MATERIAL FOR THIS TASK Block Start
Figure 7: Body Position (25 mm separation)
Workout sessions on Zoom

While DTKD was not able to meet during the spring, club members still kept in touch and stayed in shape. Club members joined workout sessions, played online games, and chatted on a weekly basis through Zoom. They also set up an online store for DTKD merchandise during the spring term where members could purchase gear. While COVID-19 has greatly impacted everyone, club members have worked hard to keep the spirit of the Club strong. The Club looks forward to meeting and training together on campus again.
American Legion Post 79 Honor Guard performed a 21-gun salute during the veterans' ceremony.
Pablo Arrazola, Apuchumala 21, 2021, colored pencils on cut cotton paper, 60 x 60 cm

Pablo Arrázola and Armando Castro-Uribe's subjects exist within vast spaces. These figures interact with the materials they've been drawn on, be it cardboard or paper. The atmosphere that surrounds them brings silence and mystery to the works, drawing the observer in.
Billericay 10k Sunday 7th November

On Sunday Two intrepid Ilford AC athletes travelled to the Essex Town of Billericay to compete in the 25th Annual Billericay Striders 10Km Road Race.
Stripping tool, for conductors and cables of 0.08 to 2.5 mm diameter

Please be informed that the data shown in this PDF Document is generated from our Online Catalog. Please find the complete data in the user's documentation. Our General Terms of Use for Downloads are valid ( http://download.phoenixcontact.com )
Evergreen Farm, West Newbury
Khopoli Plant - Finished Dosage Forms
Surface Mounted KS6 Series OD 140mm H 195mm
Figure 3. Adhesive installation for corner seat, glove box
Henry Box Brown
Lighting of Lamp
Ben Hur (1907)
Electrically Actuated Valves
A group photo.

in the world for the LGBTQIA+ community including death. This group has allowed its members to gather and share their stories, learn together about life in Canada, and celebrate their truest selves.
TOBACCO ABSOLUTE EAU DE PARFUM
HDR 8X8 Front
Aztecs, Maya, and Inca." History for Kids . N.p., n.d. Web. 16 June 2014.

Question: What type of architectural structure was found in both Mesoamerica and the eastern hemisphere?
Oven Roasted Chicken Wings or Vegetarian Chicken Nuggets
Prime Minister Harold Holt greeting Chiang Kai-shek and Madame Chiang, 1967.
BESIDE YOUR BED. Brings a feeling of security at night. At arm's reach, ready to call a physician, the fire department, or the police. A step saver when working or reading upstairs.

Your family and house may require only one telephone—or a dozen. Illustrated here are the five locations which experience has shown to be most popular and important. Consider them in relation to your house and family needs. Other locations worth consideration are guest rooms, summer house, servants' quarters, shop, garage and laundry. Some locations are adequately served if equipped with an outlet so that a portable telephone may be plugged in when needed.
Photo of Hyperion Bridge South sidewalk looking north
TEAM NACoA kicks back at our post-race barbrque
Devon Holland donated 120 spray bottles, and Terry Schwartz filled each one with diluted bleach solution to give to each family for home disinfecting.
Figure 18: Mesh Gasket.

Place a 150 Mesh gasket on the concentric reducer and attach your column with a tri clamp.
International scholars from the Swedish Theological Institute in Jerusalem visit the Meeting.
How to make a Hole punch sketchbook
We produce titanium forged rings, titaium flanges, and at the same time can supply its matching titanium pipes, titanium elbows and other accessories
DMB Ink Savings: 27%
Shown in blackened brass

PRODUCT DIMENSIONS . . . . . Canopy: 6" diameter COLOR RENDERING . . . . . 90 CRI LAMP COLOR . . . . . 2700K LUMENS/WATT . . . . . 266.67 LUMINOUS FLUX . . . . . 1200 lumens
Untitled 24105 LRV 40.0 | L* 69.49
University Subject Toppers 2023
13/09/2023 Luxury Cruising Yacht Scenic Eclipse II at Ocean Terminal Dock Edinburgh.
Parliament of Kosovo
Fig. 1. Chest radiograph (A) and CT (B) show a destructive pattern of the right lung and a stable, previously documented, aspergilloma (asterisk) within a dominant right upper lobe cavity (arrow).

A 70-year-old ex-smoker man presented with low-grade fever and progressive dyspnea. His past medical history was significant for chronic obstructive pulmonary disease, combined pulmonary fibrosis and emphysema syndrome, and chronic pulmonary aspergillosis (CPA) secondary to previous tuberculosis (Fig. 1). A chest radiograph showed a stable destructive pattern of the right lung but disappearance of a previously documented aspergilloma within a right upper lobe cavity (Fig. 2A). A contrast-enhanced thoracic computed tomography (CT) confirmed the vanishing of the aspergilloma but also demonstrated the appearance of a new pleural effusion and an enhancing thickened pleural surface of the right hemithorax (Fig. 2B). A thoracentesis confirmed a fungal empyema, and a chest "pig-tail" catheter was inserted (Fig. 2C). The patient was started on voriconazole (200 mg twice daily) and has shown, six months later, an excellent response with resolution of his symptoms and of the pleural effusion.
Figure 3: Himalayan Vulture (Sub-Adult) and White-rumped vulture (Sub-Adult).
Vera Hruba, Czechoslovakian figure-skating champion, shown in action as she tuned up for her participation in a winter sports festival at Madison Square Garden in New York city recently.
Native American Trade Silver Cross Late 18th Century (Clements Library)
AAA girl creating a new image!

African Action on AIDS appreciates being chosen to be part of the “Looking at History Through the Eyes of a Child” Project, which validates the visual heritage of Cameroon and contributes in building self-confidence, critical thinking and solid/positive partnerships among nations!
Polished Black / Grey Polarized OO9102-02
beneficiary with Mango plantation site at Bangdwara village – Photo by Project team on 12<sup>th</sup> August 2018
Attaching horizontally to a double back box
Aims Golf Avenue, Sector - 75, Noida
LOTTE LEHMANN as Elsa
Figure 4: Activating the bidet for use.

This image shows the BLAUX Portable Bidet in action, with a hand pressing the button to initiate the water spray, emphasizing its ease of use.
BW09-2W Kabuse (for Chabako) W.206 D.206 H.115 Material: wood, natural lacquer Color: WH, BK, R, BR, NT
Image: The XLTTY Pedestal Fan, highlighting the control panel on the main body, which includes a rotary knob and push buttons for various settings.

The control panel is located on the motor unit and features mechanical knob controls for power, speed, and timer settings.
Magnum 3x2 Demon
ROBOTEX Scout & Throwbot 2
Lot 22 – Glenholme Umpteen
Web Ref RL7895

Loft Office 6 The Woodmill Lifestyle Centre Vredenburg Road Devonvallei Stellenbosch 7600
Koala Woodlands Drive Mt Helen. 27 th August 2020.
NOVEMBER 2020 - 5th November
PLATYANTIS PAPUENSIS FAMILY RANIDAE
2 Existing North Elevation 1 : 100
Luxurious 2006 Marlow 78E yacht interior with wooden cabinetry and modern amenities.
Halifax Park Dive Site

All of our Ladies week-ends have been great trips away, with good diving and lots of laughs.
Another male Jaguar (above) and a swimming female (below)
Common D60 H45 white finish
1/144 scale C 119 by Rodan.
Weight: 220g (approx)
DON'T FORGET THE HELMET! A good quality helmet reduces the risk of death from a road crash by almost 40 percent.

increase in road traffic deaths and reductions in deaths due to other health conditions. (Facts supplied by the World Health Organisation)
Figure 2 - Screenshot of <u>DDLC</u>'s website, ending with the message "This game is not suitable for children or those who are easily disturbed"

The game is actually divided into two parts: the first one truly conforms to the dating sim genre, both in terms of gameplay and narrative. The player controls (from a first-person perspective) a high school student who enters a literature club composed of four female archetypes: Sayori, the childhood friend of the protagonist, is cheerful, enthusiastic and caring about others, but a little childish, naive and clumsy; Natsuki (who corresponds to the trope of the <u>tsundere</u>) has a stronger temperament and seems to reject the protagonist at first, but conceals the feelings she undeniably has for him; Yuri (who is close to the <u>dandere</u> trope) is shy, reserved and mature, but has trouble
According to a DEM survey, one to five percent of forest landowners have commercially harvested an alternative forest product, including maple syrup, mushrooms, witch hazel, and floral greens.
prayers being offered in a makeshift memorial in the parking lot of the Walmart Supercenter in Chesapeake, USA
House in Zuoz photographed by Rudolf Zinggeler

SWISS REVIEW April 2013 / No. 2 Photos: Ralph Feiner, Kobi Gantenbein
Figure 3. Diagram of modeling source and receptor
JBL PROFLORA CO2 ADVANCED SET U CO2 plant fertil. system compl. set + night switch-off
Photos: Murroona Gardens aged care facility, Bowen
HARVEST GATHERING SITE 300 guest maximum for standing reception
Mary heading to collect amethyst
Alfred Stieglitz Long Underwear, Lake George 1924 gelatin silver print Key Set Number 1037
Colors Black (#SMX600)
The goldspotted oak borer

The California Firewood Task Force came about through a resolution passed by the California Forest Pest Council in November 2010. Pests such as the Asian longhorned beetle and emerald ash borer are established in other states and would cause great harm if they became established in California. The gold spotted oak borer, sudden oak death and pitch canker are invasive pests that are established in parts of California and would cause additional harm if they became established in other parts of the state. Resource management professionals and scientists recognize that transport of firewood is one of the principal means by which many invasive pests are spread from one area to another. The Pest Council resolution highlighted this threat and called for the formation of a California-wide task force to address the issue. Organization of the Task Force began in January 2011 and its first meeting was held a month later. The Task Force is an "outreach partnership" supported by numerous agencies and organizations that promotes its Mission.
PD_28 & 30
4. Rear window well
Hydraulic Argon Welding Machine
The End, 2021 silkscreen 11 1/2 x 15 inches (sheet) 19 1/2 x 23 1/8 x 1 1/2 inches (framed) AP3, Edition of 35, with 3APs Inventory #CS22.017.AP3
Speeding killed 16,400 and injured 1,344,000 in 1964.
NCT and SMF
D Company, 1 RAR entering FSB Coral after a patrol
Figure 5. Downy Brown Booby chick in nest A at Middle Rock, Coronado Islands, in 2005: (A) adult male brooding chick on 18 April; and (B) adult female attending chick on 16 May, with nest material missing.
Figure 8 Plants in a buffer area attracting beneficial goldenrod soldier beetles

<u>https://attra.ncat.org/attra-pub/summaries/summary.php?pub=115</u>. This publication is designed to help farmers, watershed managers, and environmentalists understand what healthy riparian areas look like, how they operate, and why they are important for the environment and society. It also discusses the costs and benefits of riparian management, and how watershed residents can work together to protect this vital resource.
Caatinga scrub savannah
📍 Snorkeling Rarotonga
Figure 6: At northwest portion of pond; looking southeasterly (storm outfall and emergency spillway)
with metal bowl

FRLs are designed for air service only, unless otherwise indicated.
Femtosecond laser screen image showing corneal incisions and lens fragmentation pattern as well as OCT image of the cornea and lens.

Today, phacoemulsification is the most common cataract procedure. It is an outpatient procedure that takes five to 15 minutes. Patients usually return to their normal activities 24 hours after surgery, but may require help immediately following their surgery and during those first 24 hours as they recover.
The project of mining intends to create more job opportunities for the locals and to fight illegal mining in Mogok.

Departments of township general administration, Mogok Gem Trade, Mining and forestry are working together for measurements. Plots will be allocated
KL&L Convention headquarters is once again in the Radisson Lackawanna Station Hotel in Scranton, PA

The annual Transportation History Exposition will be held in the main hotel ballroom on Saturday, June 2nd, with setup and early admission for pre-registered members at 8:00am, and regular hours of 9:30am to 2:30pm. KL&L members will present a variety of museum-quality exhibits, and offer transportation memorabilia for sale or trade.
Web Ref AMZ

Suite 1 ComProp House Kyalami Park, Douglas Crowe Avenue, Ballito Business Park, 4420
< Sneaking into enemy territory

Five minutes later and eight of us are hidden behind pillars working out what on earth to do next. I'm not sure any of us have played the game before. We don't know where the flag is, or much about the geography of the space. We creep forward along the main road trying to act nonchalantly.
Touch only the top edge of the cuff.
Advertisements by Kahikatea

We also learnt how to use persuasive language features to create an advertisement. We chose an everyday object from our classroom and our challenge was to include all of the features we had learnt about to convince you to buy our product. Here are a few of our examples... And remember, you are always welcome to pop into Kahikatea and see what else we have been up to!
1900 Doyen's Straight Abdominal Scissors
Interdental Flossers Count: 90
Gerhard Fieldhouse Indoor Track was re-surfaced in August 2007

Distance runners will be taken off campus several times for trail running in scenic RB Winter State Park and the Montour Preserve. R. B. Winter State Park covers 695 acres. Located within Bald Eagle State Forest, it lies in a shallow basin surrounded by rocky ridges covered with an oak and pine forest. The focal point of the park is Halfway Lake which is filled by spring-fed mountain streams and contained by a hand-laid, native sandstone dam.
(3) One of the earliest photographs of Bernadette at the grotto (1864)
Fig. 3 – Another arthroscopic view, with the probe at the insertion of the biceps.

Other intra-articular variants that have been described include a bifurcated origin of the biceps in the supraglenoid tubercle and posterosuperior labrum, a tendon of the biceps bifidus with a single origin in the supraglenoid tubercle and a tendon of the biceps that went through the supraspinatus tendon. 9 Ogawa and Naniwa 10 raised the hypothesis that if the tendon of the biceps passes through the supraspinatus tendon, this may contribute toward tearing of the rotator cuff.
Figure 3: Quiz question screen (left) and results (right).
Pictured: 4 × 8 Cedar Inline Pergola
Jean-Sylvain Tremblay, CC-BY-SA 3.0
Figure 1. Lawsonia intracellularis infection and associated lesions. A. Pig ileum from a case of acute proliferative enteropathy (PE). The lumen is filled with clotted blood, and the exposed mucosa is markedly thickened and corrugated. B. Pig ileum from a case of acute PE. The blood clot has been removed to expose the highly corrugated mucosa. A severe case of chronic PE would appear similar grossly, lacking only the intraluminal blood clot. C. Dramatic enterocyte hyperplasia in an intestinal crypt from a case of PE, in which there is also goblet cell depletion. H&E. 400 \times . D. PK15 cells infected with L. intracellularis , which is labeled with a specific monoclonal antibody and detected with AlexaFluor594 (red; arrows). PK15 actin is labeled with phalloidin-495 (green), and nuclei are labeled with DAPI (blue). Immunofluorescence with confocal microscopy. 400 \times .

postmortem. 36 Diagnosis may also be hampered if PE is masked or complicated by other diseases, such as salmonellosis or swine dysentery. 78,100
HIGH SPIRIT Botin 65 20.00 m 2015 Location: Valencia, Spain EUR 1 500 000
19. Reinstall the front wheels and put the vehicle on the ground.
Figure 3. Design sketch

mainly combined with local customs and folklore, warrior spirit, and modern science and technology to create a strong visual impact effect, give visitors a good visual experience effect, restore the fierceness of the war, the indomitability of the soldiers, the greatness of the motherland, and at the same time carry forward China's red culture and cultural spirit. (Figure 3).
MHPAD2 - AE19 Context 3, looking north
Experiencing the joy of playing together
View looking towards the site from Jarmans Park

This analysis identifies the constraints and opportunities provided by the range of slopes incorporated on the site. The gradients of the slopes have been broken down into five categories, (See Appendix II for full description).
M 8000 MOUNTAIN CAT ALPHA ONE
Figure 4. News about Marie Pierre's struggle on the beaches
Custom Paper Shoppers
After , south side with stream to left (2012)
MATERIAL FOR THIS TASK Block End
▸ **WHAT THE TASK REQUIRES**: Only lines containing the string "August" are needed. Pull each of them out of the records above.

▸ **ANSWER SPACE**:
beneficiary with Mango plantation site at Bangdwara village – Photo by Project team on 12<sup>th</sup> August 2018
Koala Woodlands Drive Mt Helen. 27 th August 2020.
Gerhard Fieldhouse Indoor Track was re-surfaced in August 2007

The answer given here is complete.